Tax on Savings

Saving money is one of the best financial habits you can build. But while watching your interest grow is satisfying, it’s also important to know whether that interest could be taxed — and what you can do to keep more of your earnings.

In this article, we’ll explain when savings interest is taxed, what allowances exist to help you avoid it, and the best ways to protect your money from unnecessary tax.

Is Savings on Interest in the Taxed?

Yes — interest earned from savings (like a bank account, fixed-term deposit, or savings pot) is classed as savings income by HMRC. That means it can be taxed, depending on:

  • How much interest you earn

  • Your total income

  • Whether your savings are in a tax-free wrapper like an ISA

The good news? Most people won’t pay tax on their savings thanks to a few generous allowances outlined below:

1. Personal Savings Allowance (PSA)

  • Basic-rate (20%) taxpayers: £1,000 tax-free
  • Higher-rate (40%) taxpayers: £500 tax-free
  • Additional-rate (45%) taxpayers: No allowance

This allowance applies to savings interest outside ISAs and helps most people avoid tax on smaller savings pots.

2. Starting Rate for Savings

If your total income (not including interest) is below £12,570, you can earn up to £5,000 of savings interest tax-free on top of your PSA.

This reduces £1 for every £1 your income goes above £12,570 — so it mainly helps those with low or pension-level incomes.

3. ISAs (Individual Savings Accounts)

Any interest you earn within an ISA is completely tax-free — regardless of income or tax band.

  • Cash ISAs
  • Stocks & Shares ISAs
  • Lifetime ISAs

You can save up to £20,000 per tax year in ISAs. Even if you've used your PSA, ISA interest stays tax-free.

Imagine you earn £1,200 in interest this year and you’re a basic-rate taxpayer:

  • The first £1,000 is tax-free under the PSA

  • The remaining £200 is taxed at 20%, costing you £40

  • If you’d earned that £1,200 within an ISA, you’d pay zero tax

Do Savings in Premium Bonds Get Taxed?

Premium Bonds (from NS&I) are a bit different — they don’t pay interest at all. Instead, you’re entered into a monthly prize draw. If you win, the prizes are tax-free.

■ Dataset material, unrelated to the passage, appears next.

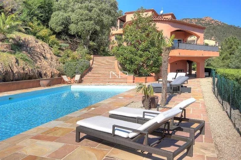 THEOULE-SUR-MER: Situata sulla collina, questa lussuosa proprietà di circa 680 m² con finiture di alta gamma gode di una vista panoramica sul mare, edificata su un giardino paesaggistico di 4500 m2 con piscina riscaldata. Su 3 livelli serviti da un ascensore, si compone di un doppio soggiorno, sala da pranzo, cucina spaziosa e attrezzata, 6 camere da letto, 5 bagni, ufficio, una biblioteca, sala da biliardo, home cinema e una cantina vinicola. Un appartamento per il custode e un doppio garage completano questa splendida proprietà.
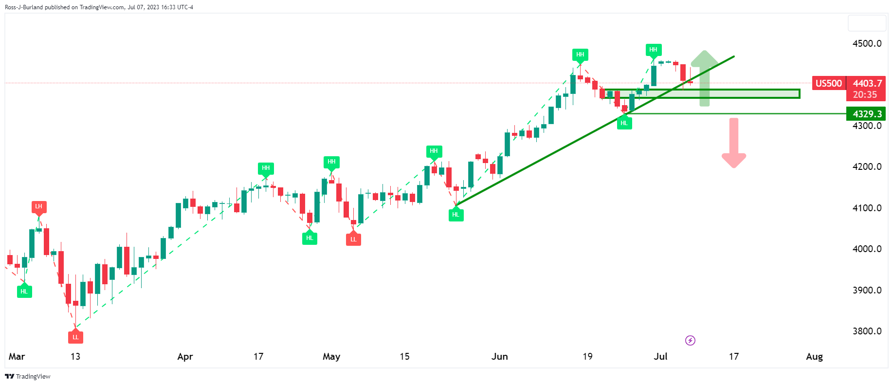标普500指数上周五下跌,收盘弱势加剧。劳工部公布美国非农就业数据使得美国就业市场信号含混不清,这对当天晚些时候的市场情绪产生了影响。 发稿时,标普500指数收盘下跌了约0.15%,从高位4,441.

It’s a bit of a gamble (most people don’t win often), but Premium Bonds can be a tax-efficient option once you’ve maxed your ISA.

Do you need to tell HMRC?

Not always. If your interest is earned within an ISA or stays within your tax-free allowances (like the Personal Savings Allowance or Starting Rate for Savings), you don’t need to report it — HMRC doesn’t require you to do anything.

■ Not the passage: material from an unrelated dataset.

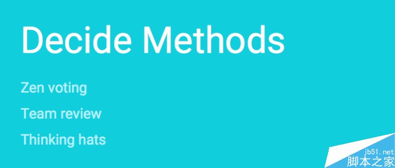 前面發散部分是團隊中每個人單獨想自己的idea,互不溝通。發散環節之后,所有團隊有幾個成員就會有幾個idea。那么接下來怎么定用哪個方案呢?可以通過以下方法:投票,團隊評價,以及思考帽子法。

But you do need to tell HMRC if any of the following apply:

  • You earn more interest than your allowances cover (e.g. more than £1,000 if you're a basic-rate taxpayer)

  • You complete a Self Assessment tax return

  • You're self-employed or have multiple income sources

  • You receive a large amount of interest from non-ISA savings, investments, or property

In most other cases, HMRC will adjust your tax code automatically through PAYE, so the tax is collected without you needing to file anything separately.

Top Tips to Be Tax-Efficient with Savings

1. Use Your ISA First

Interest earned in an ISA is always tax-free, no matter how much you earn. It’s usually the best place to save first.

2. Check the Starting Rate

If your income is under £17,570, you may qualify for the Starting Rate for Savings — up to £5,000 tax-free interest.

3. Split Savings with a Partner

Both spouses get their own Personal Savings Allowance, so sharing savings can help minimise tax across a household.

4. Consider Premium Bonds

Instead of interest, you get entered into a monthly prize draw. All prizes are tax-free — even if you win big.

5. Shop Around

Look for high-interest accounts that keep you within your tax-free limits. Rates vary widely, so compare regularly.

Summary

With the PSA, Starting Rate, and ISAs, most UK savers won’t have to worry about paying tax on their interest — especially if your savings pot is under £50,000. But as interest rates rise and your savings grow, it’s worth checking in on what you’re earning — and how much of it you actually keep.

Being aware of your allowances and using the right accounts can help you protect more of your money from tax — and that’s what smart saving is all about.